Women Entrepreneurs in Software and Computer Services

JEFFREY R. YOST

Few chief executives have been higher profile than Hewlett-Packard’s (HP) leader from 1999 to 2005, Carleton “Carly” Fiorina. In 1996, as AT&T Executive Vice President for Corporate Operations, she oversaw the largest initial public offering in the United States to that time—Lucent [1]. Her achievements at AT&T and Lucent helped propel her to the top leadership post at HP. With this appointment, she became the first woman to run a Dow 30 company and the first woman CEO and Board Chair of an IT giant [2]. A board battle with Walter Hewlett (son of co-founder William Hewlett) over Fiorina’s decision to acquire Compaq, and other differences of opinion on strategy, contributed to her controversial ouster.

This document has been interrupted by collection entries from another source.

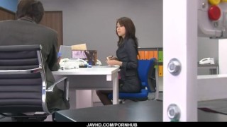 Office bimbo, Ayumi Iwasa, removes her undies for a wild fuck
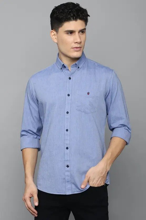 Men Slim Fit Solid Button Down Collar Casual Shirt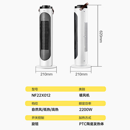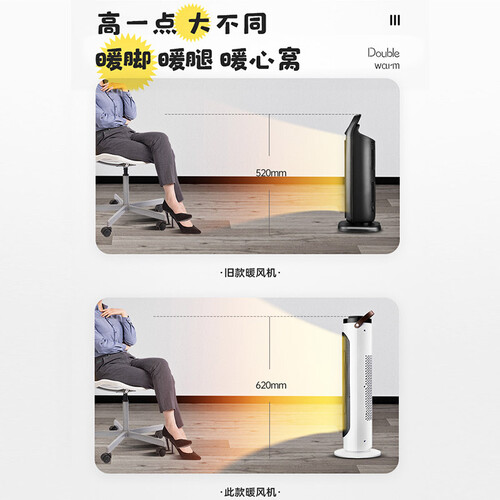 内置PTC陶瓷发热体,升温时间更快,让你温暖整个冬天。搭配双直流电机,坚固耐用的同时节能省电,不会产生噪音。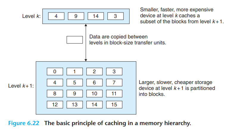 지역성 때문에 프로그램은 K+1레벨에 있는 데이터에 접근하기보단 K레벨에 있는 데이터에 접근하려고 한다. 따라서 K+1레벨에 있는 저장장치는 느려질 수 있고, 따라서 bit당 더 크고 더 싸다.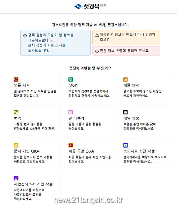 경상북도가 생성 AI를 활용한 행정업무 지원 서비스를 시작한다. 경북연구원이 개발, 제공 중인 챗경북 서비스 내에 행정업무에 특화된 AI 서비스 3종을 직원들을 대상으로 제공한다.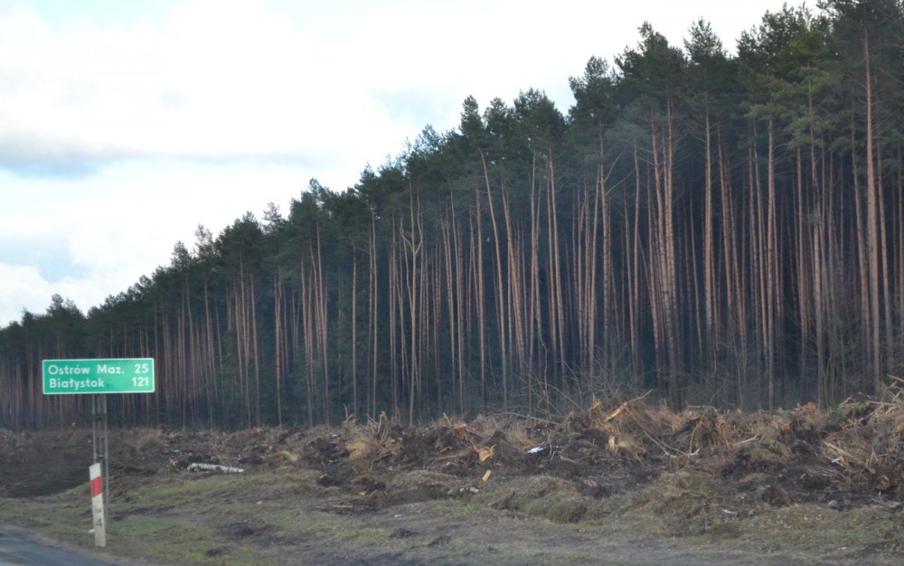 Dalej, na odcinku od granicy województwa podlaskiego do Wyszkowa, prowadzona jest już wycinka. Jednopasmowa droga do niedawna przebiegała tam przez gęsty las. Obecnie z jednej i z drugiej strony jezdni nie ma już drzew. Wkrótce na plac budowy wjadą koparki.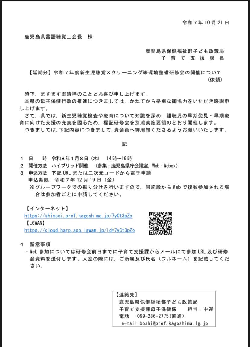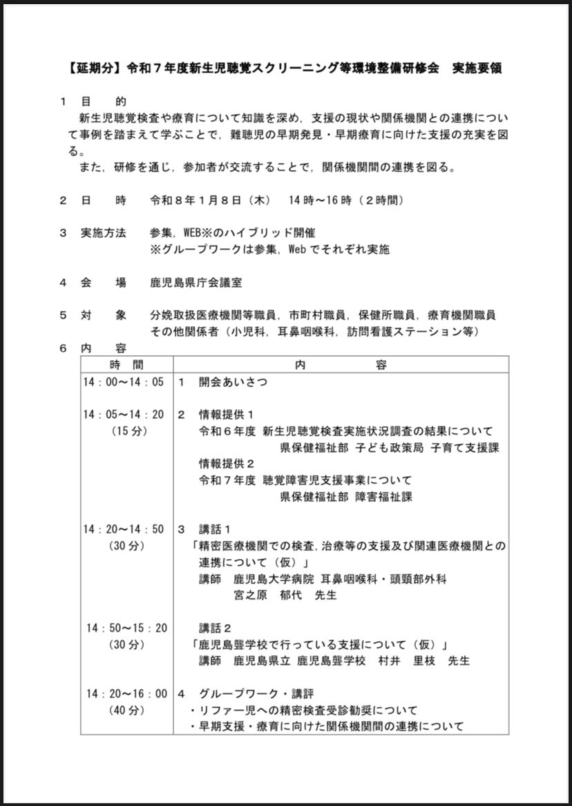 | 学会・研修会名 | 令和7年度新生児聴覚スクリーニング等環境整備研修会 |

A year before Fiorina took over at HP, Margaret “Meg” Whitman became CEO of a small web-based auction firm, eBay. Whitman led this company for a decade, turning it into an e-commerce powerhouse. It brought together buyers and sellers of nearly every imaginable product in a virtual marketplace, taking a commission on each sale and operating with extremely low overhead. As the dot.com collapse of 2000 to 2002 decimated many e-commerce firms and scarred countless others, eBay emerged relatively unscathed. In fiscal 2006 eBay had nearly $6 billion in revenue and more than $1.2 billion in net income [3]. In January 2008 Whitman stepped down from eBay.

While no other women have reached the level ...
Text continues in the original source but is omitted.